Segment Start: Provided material

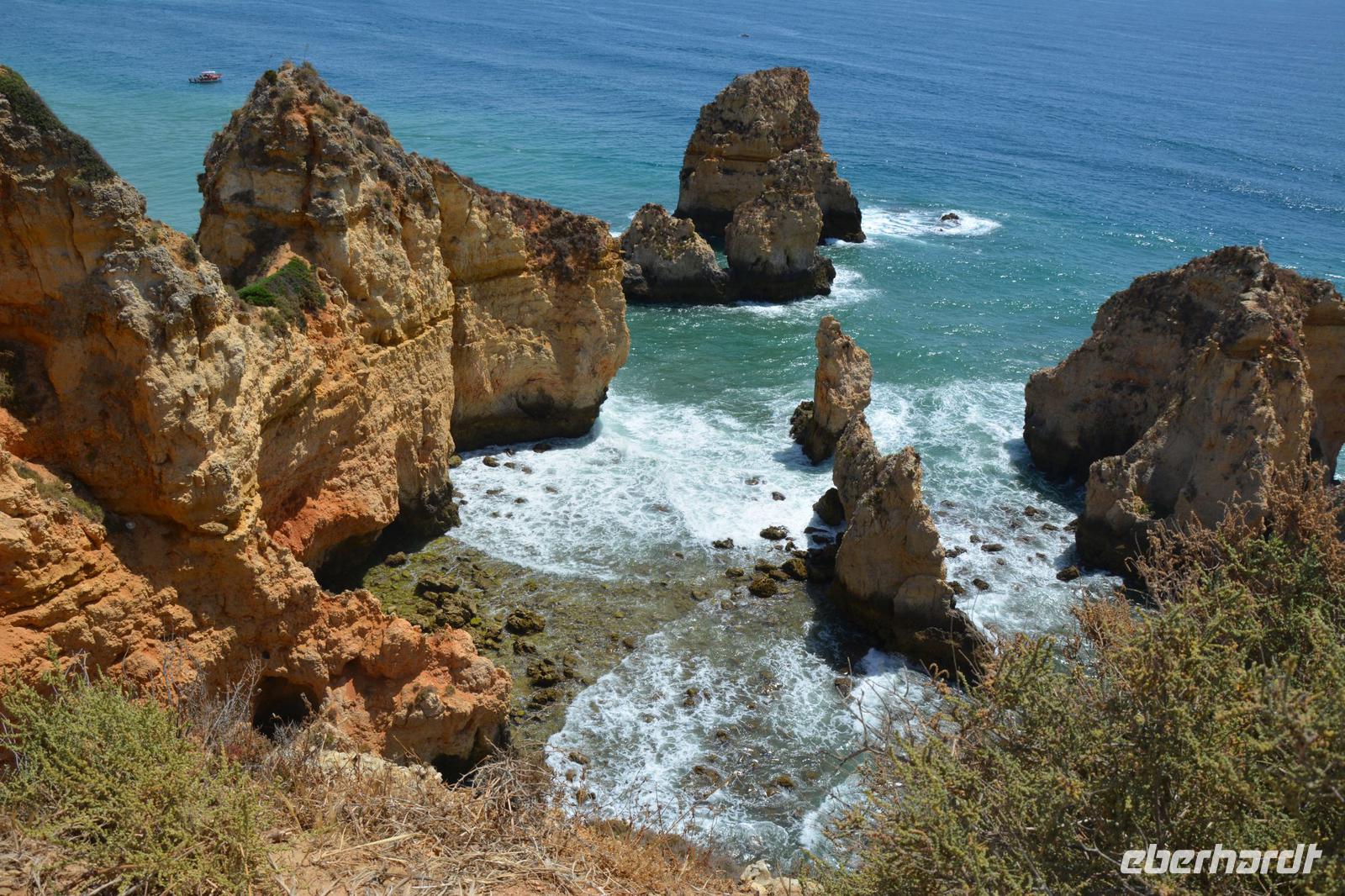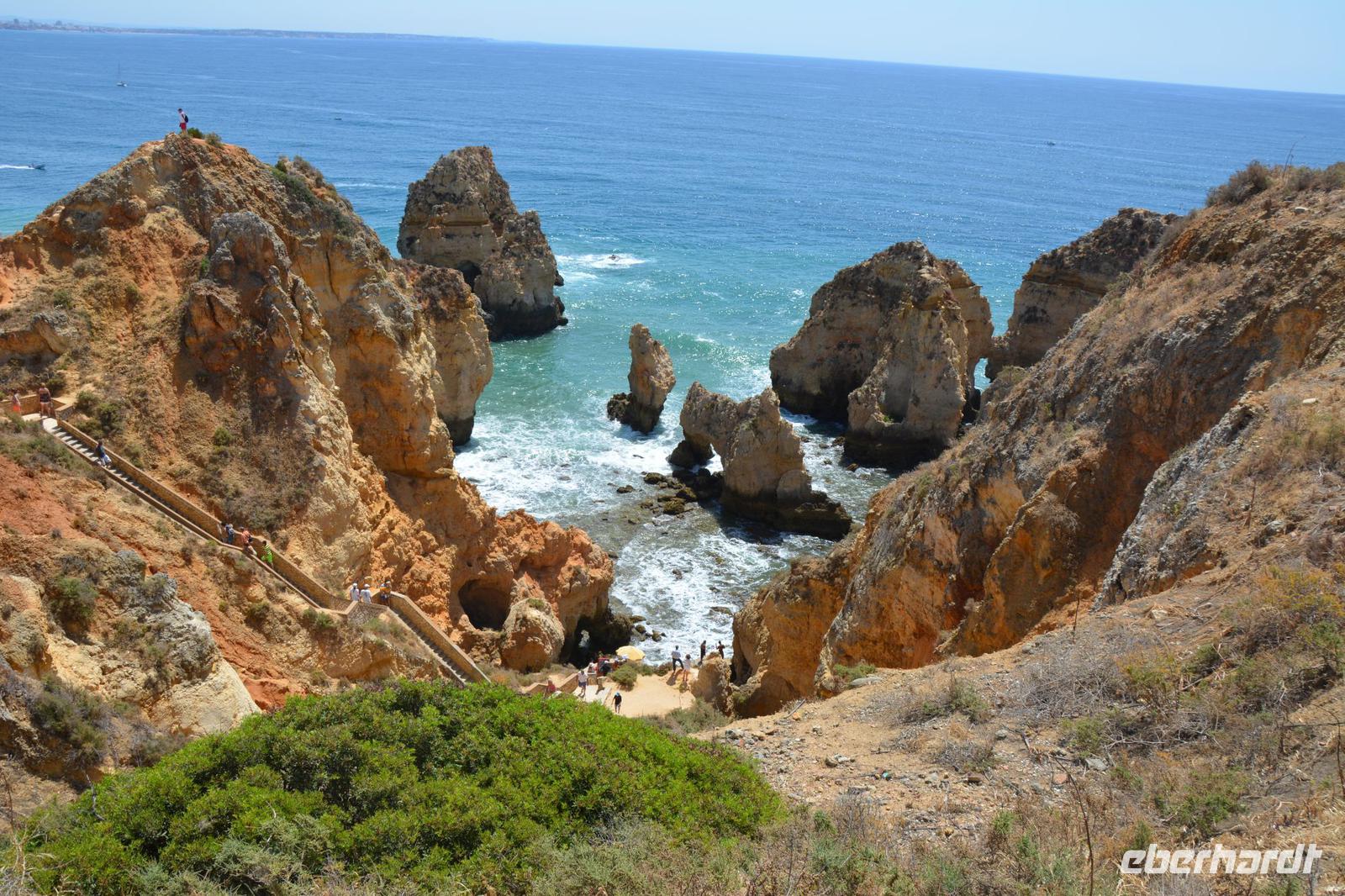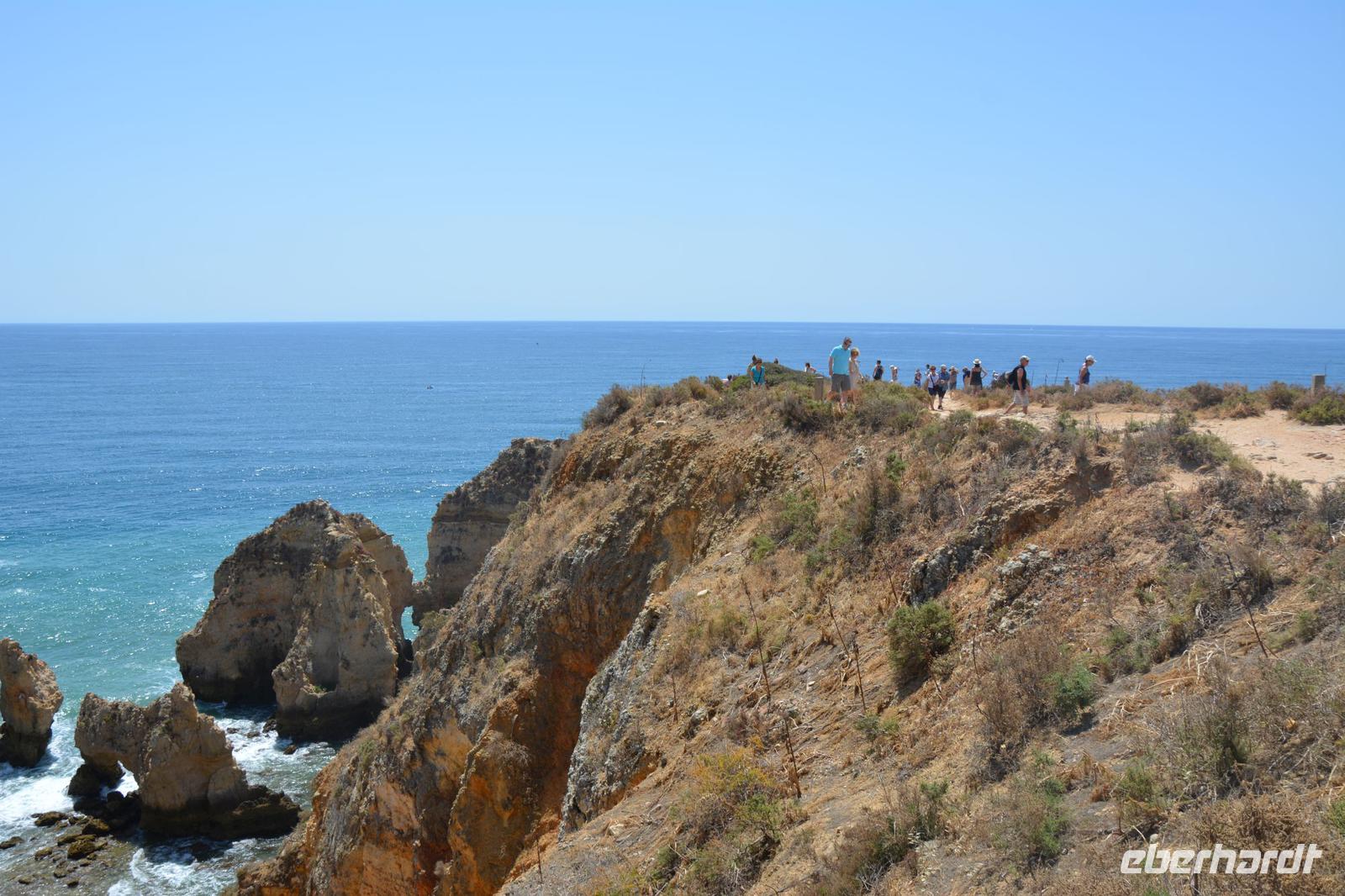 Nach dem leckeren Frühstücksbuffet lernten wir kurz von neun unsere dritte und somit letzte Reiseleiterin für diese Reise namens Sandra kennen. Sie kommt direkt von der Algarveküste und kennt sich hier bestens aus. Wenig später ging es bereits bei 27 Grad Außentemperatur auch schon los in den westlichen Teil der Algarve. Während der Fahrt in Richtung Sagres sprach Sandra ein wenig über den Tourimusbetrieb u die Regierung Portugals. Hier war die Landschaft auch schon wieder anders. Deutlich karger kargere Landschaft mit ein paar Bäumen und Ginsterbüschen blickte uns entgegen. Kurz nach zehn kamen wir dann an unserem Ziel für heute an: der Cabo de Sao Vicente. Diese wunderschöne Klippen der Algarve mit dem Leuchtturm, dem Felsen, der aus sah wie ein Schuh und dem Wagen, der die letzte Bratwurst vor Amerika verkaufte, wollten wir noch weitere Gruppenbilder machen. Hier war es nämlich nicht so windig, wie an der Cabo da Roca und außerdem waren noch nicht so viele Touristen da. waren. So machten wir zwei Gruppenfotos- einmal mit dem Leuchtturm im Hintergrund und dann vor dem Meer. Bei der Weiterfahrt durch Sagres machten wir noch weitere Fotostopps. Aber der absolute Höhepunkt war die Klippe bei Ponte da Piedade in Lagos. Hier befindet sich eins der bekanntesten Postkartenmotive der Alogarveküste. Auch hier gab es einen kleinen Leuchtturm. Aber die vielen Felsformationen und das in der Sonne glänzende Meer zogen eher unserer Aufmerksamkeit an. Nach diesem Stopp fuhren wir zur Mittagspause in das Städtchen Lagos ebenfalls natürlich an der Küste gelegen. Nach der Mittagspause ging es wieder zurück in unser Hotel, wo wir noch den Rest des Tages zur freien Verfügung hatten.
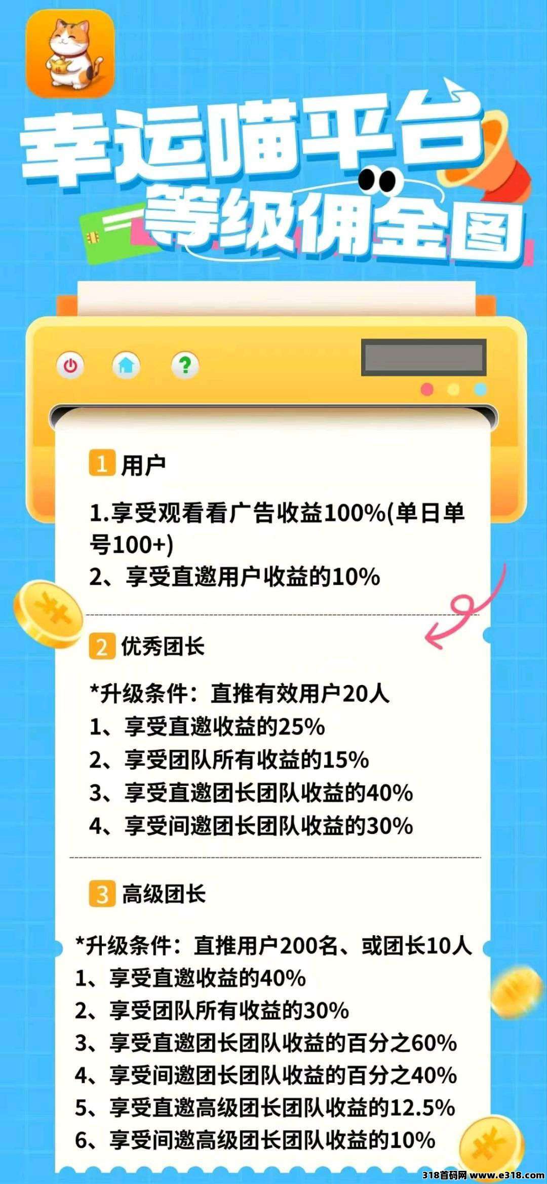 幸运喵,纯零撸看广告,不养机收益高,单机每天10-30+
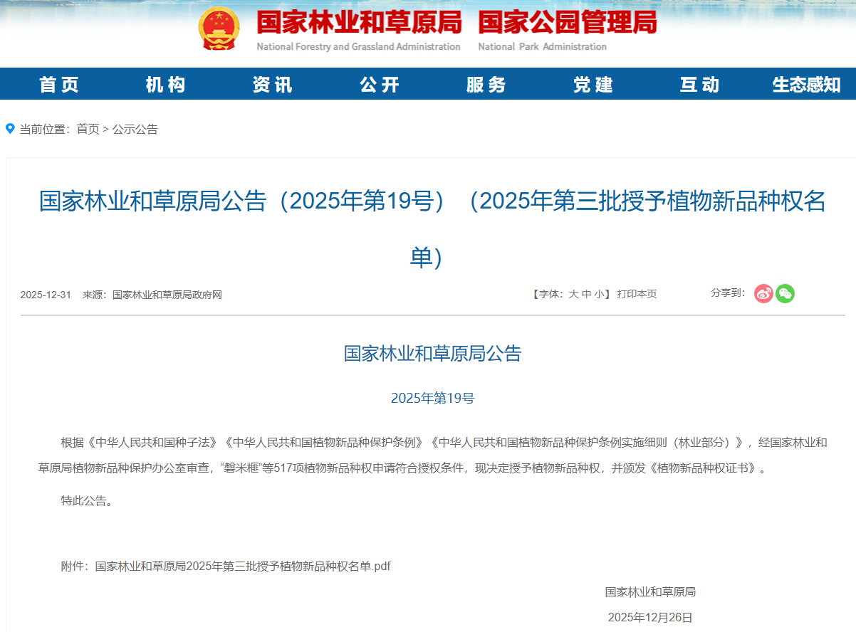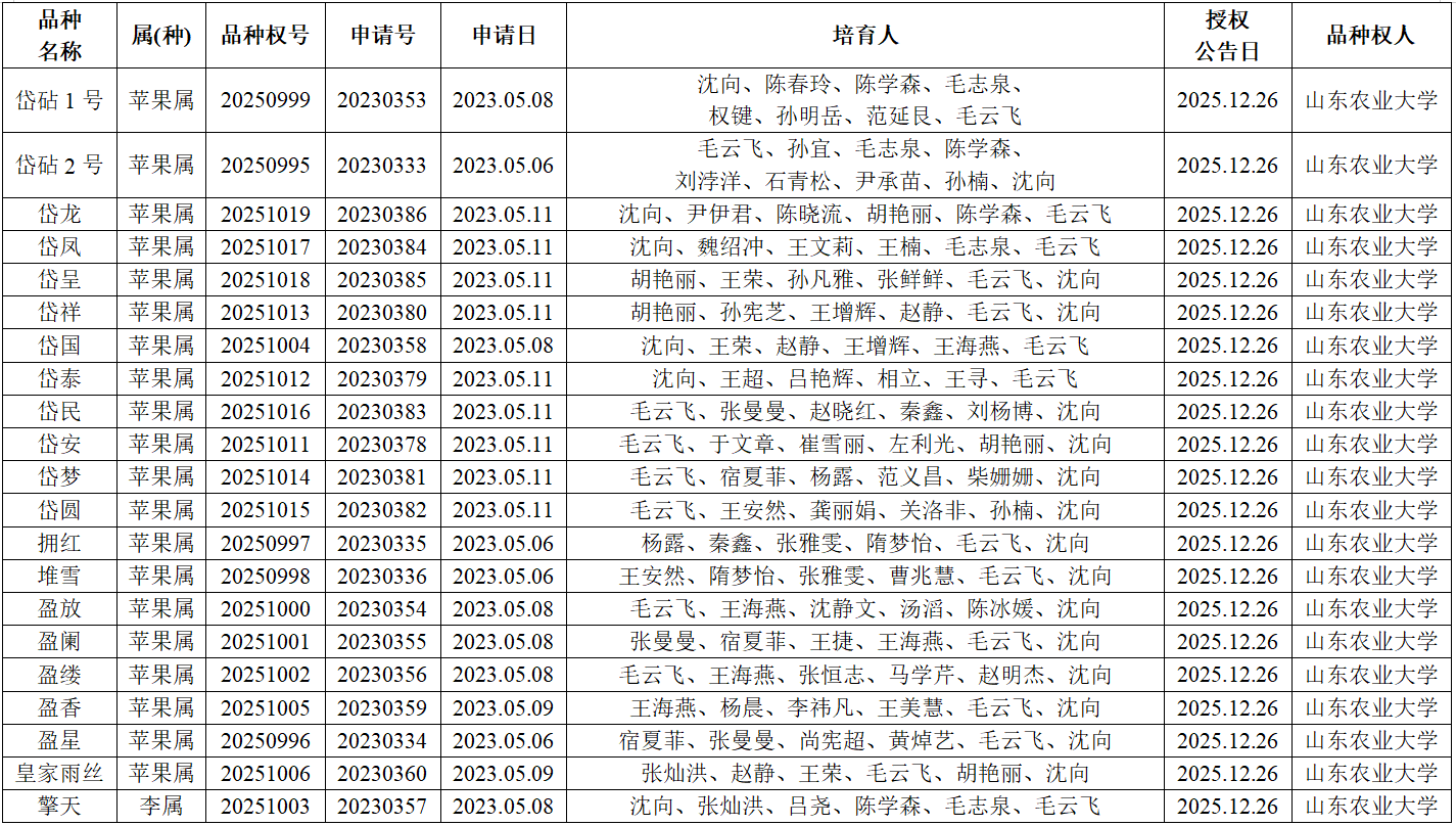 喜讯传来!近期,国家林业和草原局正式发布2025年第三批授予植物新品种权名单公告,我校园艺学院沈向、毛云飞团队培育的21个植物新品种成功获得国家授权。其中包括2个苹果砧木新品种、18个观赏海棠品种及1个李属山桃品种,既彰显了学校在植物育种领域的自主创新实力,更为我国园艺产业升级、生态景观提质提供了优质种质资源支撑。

Segment End: Provided material

## Exercise description
The answer is to be the lines of the listing from the first through the one with "幸运喵,纯零撸看广告,不养机收益高,单机每天10-30+", reproduced exactly, without any pictures.

## Answer to the exercise
 Nach dem leckeren Frühstücksbuffet lernten wir kurz von neun unsere dritte und somit letzte Reiseleiterin für diese Reise namens Sandra kennen. Sie kommt direkt von der Algarveküste und kennt sich hier bestens aus. Wenig später ging es bereits bei 27 Grad Außentemperatur auch schon los in den westlichen Teil der Algarve. Während der Fahrt in Richtung Sagres sprach Sandra ein wenig über den Tourimusbetrieb u die Regierung Portugals. Hier war die Landschaft auch schon wieder anders. Deutlich karger kargere Landschaft mit ein paar Bäumen und Ginsterbüschen blickte uns entgegen. Kurz nach zehn kamen wir dann an unserem Ziel für heute an: der Cabo de Sao Vicente. Diese wunderschöne Klippen der Algarve mit dem Leuchtturm, dem Felsen, der aus sah wie ein Schuh und dem Wagen, der die letzte Bratwurst vor Amerika verkaufte, wollten wir noch weitere Gruppenbilder machen. Hier war es nämlich nicht so windig, wie an der Cabo da Roca und außerdem waren noch nicht so viele Touristen da. waren. So machten wir zwei Gruppenfotos- einmal mit dem Leuchtturm im Hintergrund und dann vor dem Meer. Bei der Weiterfahrt durch Sagres machten wir noch weitere Fotostopps. Aber der absolute Höhepunkt war die Klippe bei Ponte da Piedade in Lagos. Hier befindet sich eins der bekanntesten Postkartenmotive der Alogarveküste. Auch hier gab es einen kleinen Leuchtturm. Aber die vielen Felsformationen und das in der Sonne glänzende Meer zogen eher unserer Aufmerksamkeit an. Nach diesem Stopp fuhren wir zur Mittagspause in das Städtchen Lagos ebenfalls natürlich an der Küste gelegen. Nach der Mittagspause ging es wieder zurück in unser Hotel, wo wir noch den Rest des Tages zur freien Verfügung hatten.
 幸运喵,纯零撸看广告,不养机收益高,单机每天10-30+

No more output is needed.